Maybe come to a compromise as well. Maybe you could throw in a morning or two if he were willing to take care of you at night once or twice week?


----------



## SweetiepieMI (Jan 22, 2010)

My hubs usually doesnt mind being woken up to some good down below action. BUt the problem with that i dont want to be the one initiating it all the time.... and I know that he does too in the mornings, but I just dont like the idea of morning breath dry mouth sex.... Compromising would be a good idea though, I give in to the mornings maybe 2 times a month if he hooks it up at night....


----------



## mike1 (Jun 15, 2009)

SweetiepieMI said:


> My hubs usually doesnt mind being woken up to some good down below action.

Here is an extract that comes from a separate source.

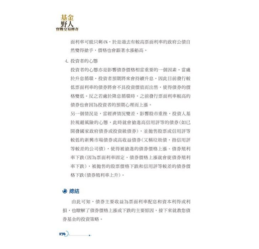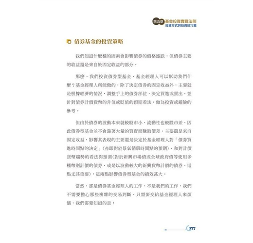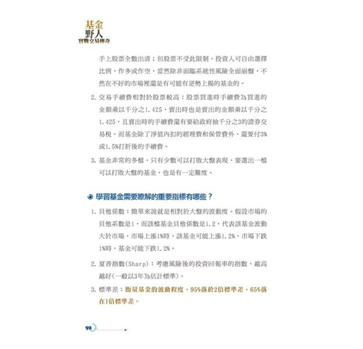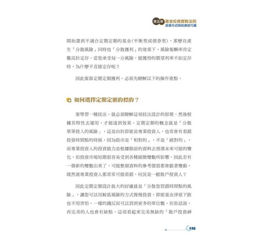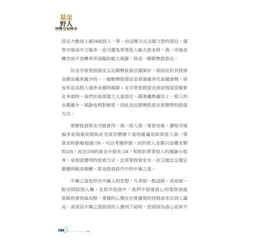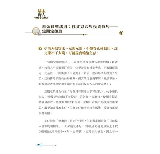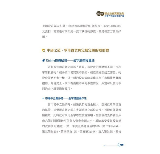 此外,陳先生對於投資方式與投資技巧也相當講究,不但完整分析了單筆投資與定期定額的優缺點,並且還更上一層樓,針對定期不定額、不定期定額與金字塔型投資法等新種基金投資技術,進行更詳盡的闡述,讓投資人能夠真正做到「知行合一」。

BUt the problem with that i dont want to be the one initiating it all the time.... and I know that he does too in the mornings, but I just dont like the idea of morning breath dry mouth sex.... Compromising would be a good idea though, I give in to the mornings maybe 2 times a month if he hooks it up at night....

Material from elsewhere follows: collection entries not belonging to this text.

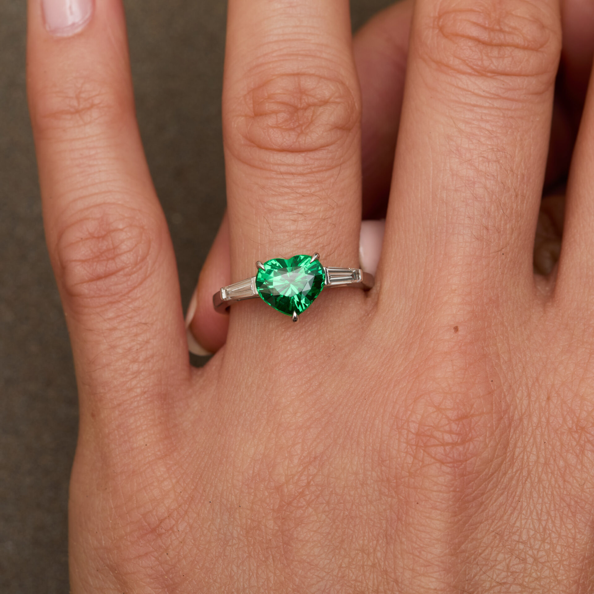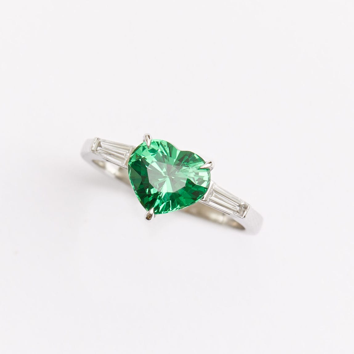 - Bague Elahera en or blanc 18 carats, sertie d’une Tsavorite de 2.11 carats accompagné de diamants tappers 0.38 carats.
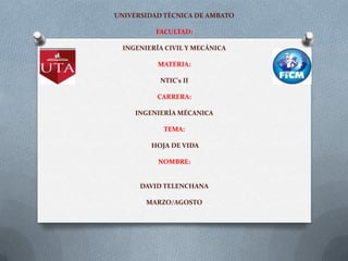 Este documento es la hoja de vida de David Telenchana Flores, un estudiante de 19 años de edad que cursa el cuarto año de la carrera de Ingeniería Mecánica en la Universidad Técnica de Ambato. Incluye información personal, formación académica y experiencia laboral en construcciones metálicas y referencias personales.
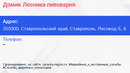Домик Лесника, пивоварня по адресу 355000, Ставропольский край, Ставрополь, Лесовод-5, 6 в дальнейшем Организация, размещена в следующих категориях:

I think that's the right idea, I can't think of a guy that wouldn't be up for that exchange! And you can always keep a travel sized toothpaste or mouthwash next to the bed if it's the morning breath that bothers you.


----------



## keefer (Jan 27, 2010)

Anyway to get that afternoon to push through to when you get home. How about some sexy emails/texts back and forth.


----------



## SweetiepieMI (Jan 22, 2010)

keefer said:


> Anyway to get that afternoon to push through to when you get home. How about some sexy emails/texts back and forth.


I would honestly be SHOCKED is he ever sent a sexual text hahaha, if you knew him then you owuld know why. I have sent him some and a picture or two and he will respond by calling me and be like- "mmm, what did i do to deserve that" 
but hes not a typer or txter AT ALL.......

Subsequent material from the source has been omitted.